Ruby on Rails in Financial Services Applications

15 Mar 2007 - 2:18pm
7 years ago
4 replies
2719 reads
Cecily Walker
2006

I was just part of a hallway conversation here at work about whether
many financial services institutions use Ruby on Rails in their secure
areas. For example, how many banks are using it in their online
banking applications, and what were their concerns about security?

If you work in the financial services arena (banks, accountancy firms,
etc.) and you've used Ruby on Rails, or if you're convinced that it
isn't secure enough to be used for financial transactions, would you
mind sharing your experiences/opinions?

Thanks!

Comments

15 Mar 2007 - 3:51pm
David Pallotta
2007

I have a couple clients using RoR, but not in the financial word. I have
heard some vague concerns with the security, but nothing too serious. My
problem is finding good candidates with RoR for NYC.
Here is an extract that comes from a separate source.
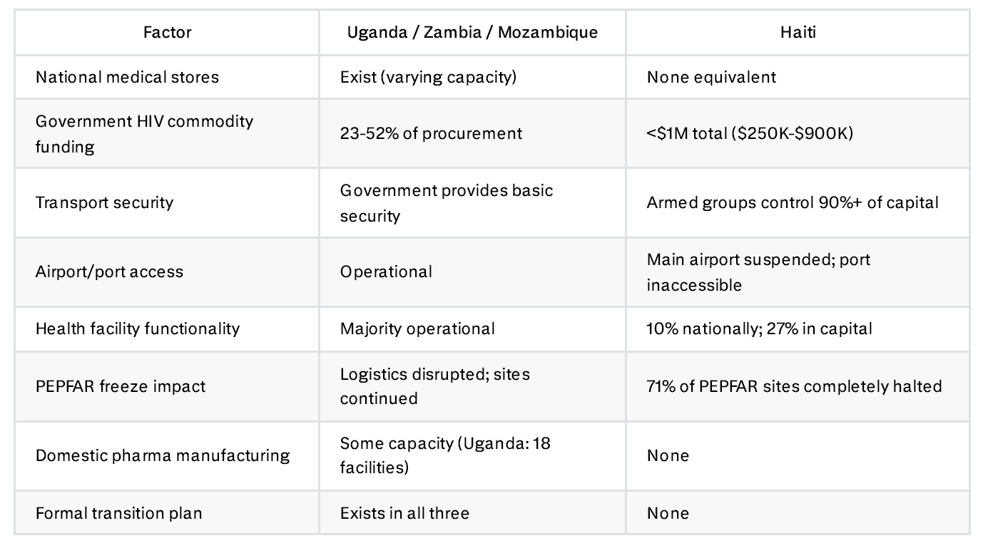 The distinction matters because transition planning assumes something to transition to. In Zambia, you can design a phased handover to ZAMMSA. In Uganda, you can fund the Roadmap. In Haiti, there is no institution to hand over to, no budget to phase in, no secure corridor to transport through, and—increasingly—no facilities to deliver to.

-----Original Message-----
From: discuss-bounces at lists.interactiondesigners.com
[mailto:discuss-bounces at lists.interactiondesigners.com] On Behalf Of Cecily
Walker
Sent: Thursday, March 15, 2007 3:18 PM
To: discuss at ixda.org
Subject: [IxDA Discuss] Ruby on Rails in Financial Services Applications

I was just part of a hallway conversation here at work about whether
many financial services institutions use Ruby on Rails in their secure
areas. For example, how many banks are using it in their online
banking applications, and what were their concerns about security?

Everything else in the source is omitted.